Excerpts from a dataset
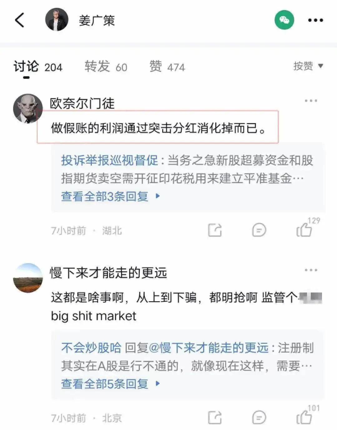 但是,这一届股民“眼睛太尖了”。大股东心里的小九九,都被股民赤裸裸的挖出来“示众”了!股民真的很生气。
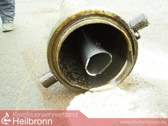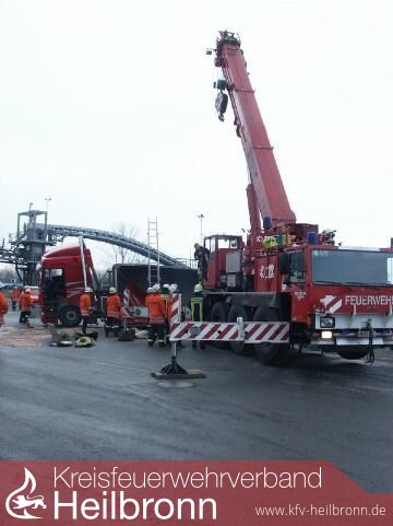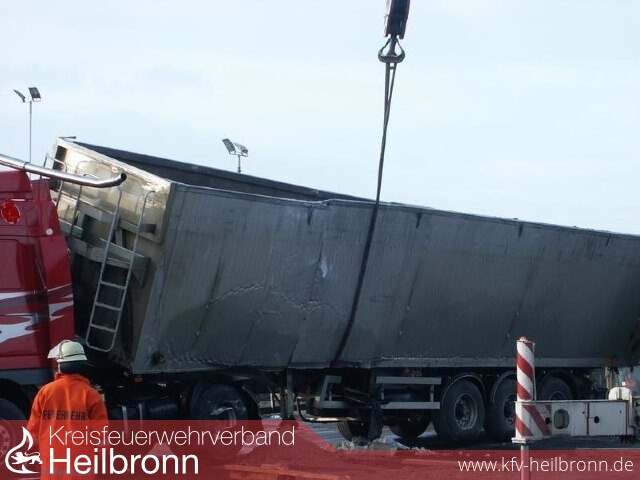 Nachdem nicht mit 100%iger Sicherheit gesagt werden konnte, dass sich unter dem umgefallenen Auflieger keine Person mehr befand, wurde dieser mit Hebekissen angehoben und später mit dem aufgrund des Einsatzstichwortes sofort alarmierten Feuerwehrkran der Berufsfeuerwehr Heilbronn weiter angehoben und aufgerichtet. Hierbei kam auch die Seilwinde des Rüstwagens zum Einsatz. Anschließend wurde der Auflieger mit Spannbändern gesichert. Parallel zu diesen Arbeiten wurde mit Ölbindemittel das ausgelaufene Hydrauliköl gebunden und aufgenommen.
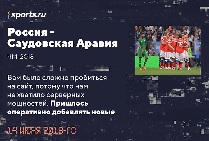 Три чемпионата мира, два Евро, домашняя Олимпиада, бан российского спорта, переход Криштиану в «Юве» – это были насыщенные 2010-е. С каждым турниром и событием Sports.ru принимал все больше и больше пользователей. Мы готовились, обновляли серверы, но не всегда выдерживали, а иногда делали глупые ошибки. В такие минуты вместо наших текстов, онлайнов и новостей вас встречал Андрей Аршавин.
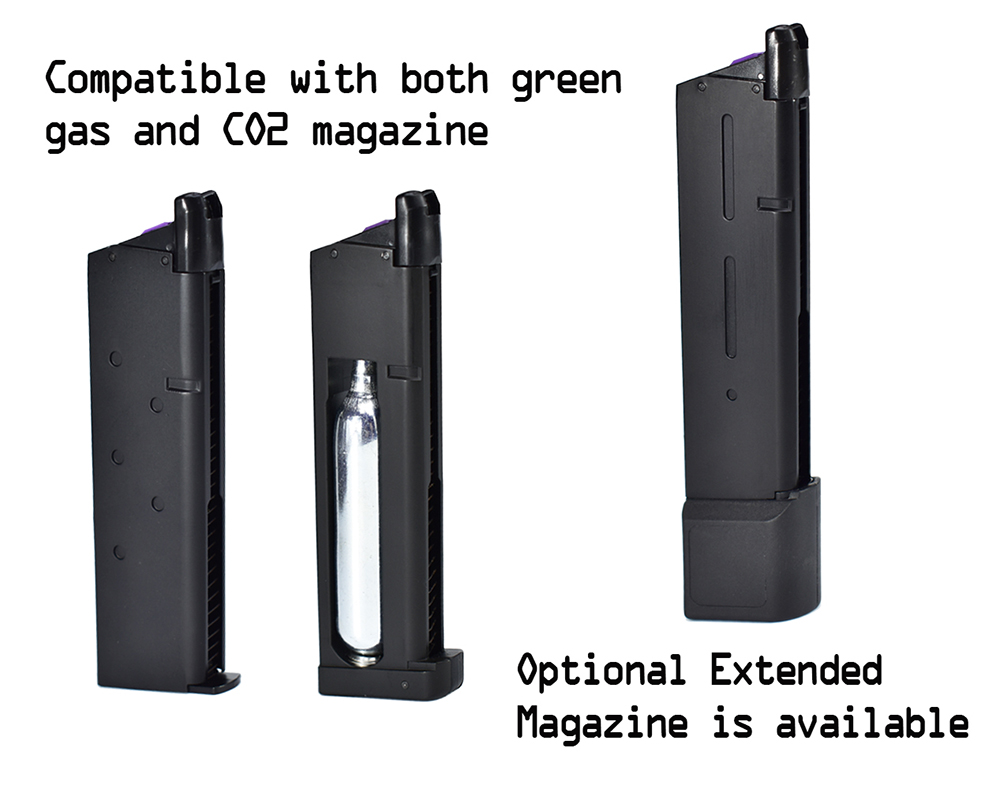 • Compatible with both green gas and CO2 magazine. Optional Extended Magazine is available
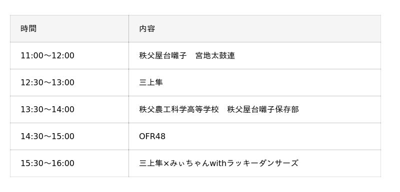 さらにステージでは、秩父を体感できる多彩な出演者がラインナップ。地元の高校生の演奏や伝統芸能パフォーマンスをはじめ、デビュー15周年を迎えた秩父出身のシンガーソングライター“三上隼”などの実力派アーティストやお風呂屋さんで働くスタッフで構成されたアイドルグループ“OFR48”のライブといった地元の伝統と次世代のエネルギーが融合した豪華ステージをお楽しみいただけます。

Activity: Your task is to restate word for word the lines from the one containing "Nachdem nicht mit" through the last line of the data, both ends included, with no pictures.

Exercise solution:
 Nachdem nicht mit 100%iger Sicherheit gesagt werden konnte, dass sich unter dem umgefallenen Auflieger keine Person mehr befand, wurde dieser mit Hebekissen angehoben und später mit dem aufgrund des Einsatzstichwortes sofort alarmierten Feuerwehrkran der Berufsfeuerwehr Heilbronn weiter angehoben und aufgerichtet. Hierbei kam auch die Seilwinde des Rüstwagens zum Einsatz. Anschließend wurde der Auflieger mit Spannbändern gesichert. Parallel zu diesen Arbeiten wurde mit Ölbindemittel das ausgelaufene Hydrauliköl gebunden und aufgenommen.
 Три чемпионата мира, два Евро, домашняя Олимпиада, бан российского спорта, переход Криштиану в «Юве» – это были насыщенные 2010-е. С каждым турниром и событием Sports.ru принимал все больше и больше пользователей. Мы готовились, обновляли серверы, но не всегда выдерживали, а иногда делали глупые ошибки. В такие минуты вместо наших текстов, онлайнов и новостей вас встречал Андрей Аршавин.
 • Compatible with both green gas and CO2 magazine. Optional Extended Magazine is available
 さらにステージでは、秩父を体感できる多彩な出演者がラインナップ。地元の高校生の演奏や伝統芸能パフォーマンスをはじめ、デビュー15周年を迎えた秩父出身のシンガーソングライター“三上隼”などの実力派アーティストやお風呂屋さんで働くスタッフで構成されたアイドルグループ“OFR48”のライブといった地元の伝統と次世代のエネルギーが融合した豪華ステージをお楽しみいただけます。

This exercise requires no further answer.